Il se précipita les mains tendues. Ganimard les prit, le contempla un moment et lui dit

– Vous êtes un rude type, mon garçon.

— Bah ! fit-il, le hasard m’a servi.

– Il n’y a pas de hasard avec lui, affirma l’inspecteur, qui parlait toujours de Lupin d’un air solennel et sans prononcer son nom.

Il s’assit.

– Alors nous le tenons ?

– Comme on l’a déjà tenu plus de vingt fois, dit Beautrelet en riant.

– Oui, mais aujourd’hui...

– Aujourd’hui, en effet, le cas diffère. Nous connaissons sa retraite, son château fort, ce qui fait, somme toute, que Lupin est Lupin. Il peut s’échapper. L’Aiguille d’Étretat ne le peut pas.

– Pourquoi supposez-vous qu’il s’échappera ? demanda Ganimard inquiet.

– Pourquoi supposez-vous qu’il ait besoin de s’échapper ? répondit Beautrelet. Rien ne prouve qu’il soit dans l’Aiguille actuellement. Cette nuit, onze de ses complices en sont sortis. Il était peut-être l’un de ces onze.

Ganimard réfléchit.

– Vous avez raison. L’essentiel, c’est l’Aiguille creuse. Pour le reste, espérons que la chance nous favorisera. Et maintenant, causons.

Il prit de nouveau sa voix grave, son air d’importance convaincue, et prononça :

– Mon cher Beautrelet, j’ai ordre de vous recommander, à propos de cette affaire, la discrétion la plus absolue.

– Ordre de qui ? fit Beautrelet plaisantant. Du Préfet de police ?

– Plus haut.

– Le président du Conseil ?

– Plus haut.

– Bigre !

Ganimard baissa la voix.

– Beautrelet, j’arrive de l’Élysée. On considère cette affaire comme un secret d’État, d’une extrême gravité. Il y a des raisons sérieuses pour que l’on tienne ignorée cette citadelle invisible... des raisons stratégiques surtout... Cela peut devenir un centre de ravitaillement, un magasin de poudres nouvelles, de projectiles récemment inventés, que sais-je ? l’arsenal inconnu de la France.

– Mais comment espère-t-on garder un tel secret ? Jadis, un seul homme le détenait, le roi.
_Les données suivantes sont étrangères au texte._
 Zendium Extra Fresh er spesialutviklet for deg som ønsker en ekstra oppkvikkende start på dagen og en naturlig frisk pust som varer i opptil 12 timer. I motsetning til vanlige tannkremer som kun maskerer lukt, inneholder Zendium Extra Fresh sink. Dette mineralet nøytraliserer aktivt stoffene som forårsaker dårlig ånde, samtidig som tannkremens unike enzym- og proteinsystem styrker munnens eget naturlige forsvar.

Aujourd’hui, nous sommes déjà quelques-uns à le savoir, sans compter la bande à Lupin.

– Eh ! Quand on ne gagnerait que dix ans, que cinq ans de silence ! Ces cinq années peuvent être le salut...

– Mais, pour s’emparer de cette citadelle, de ce futur arsenal, il faut bien l’attaquer, il faut bien en déloger Lupin. Et tout cela ne se fait pas sans bruit.
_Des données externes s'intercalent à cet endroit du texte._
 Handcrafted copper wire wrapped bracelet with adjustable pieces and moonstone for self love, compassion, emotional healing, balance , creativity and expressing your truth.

– Évidemment, on devinera quelque chose, mais on ne saura pas. Et puis quoi, essayons.

– Soit, quel est votre plan ?

– En deux mots, voilà. Tout d’abord vous n’êtes pas Isidore Beautrelet, et il n’est pas non plus question d’Arsène Lupin. Vous êtes et vous restez un gamin d’Étretat, lequel en flânant a surpris des individus qui sortaient d’un souterrain. Vous supposez, n’est-ce pas, l’existence d’un escalier qui perce la falaise du haut en bas ?

– Oui, il y a plusieurs de ces escaliers le long de la côte. Tenez, tout près, on m’a signalé, en face de Bénouville, l’escalier du Curé, connu de tous les baigneurs. Et je ne parle pas des trois ou quatre tunnels destinés aux pêcheurs.

– Donc, la moitié de mes hommes et moi nous marchons guidés par vous. J’entre seul, ou accompagné, ceci est à voir. Toujours est-il que l’attaque a lieu par là. Si Lupin n’est pas dans l’Aiguille, nous établissons une souricière, où un jour ou l’autre il se fera pincer. S’il est là...

– S’il est là, monsieur Ganimard, il s’enfuira de l’Aiguille par la face postérieure, celle qui regarde la mer.

– En ce cas, il sera immédiatement arrêté par l’autre moitié de mes hommes.

– Oui, mais si, comme je le suppose, vous avez choisi le moment où la mer s’est retirée, laissant à découvert la base de l’Aiguille, la chasse sera publique, puisqu’elle aura lieu devant tous les pêcheurs de moules, de crevettes et de coquillages qui pullulent sur les rochers avoisinants.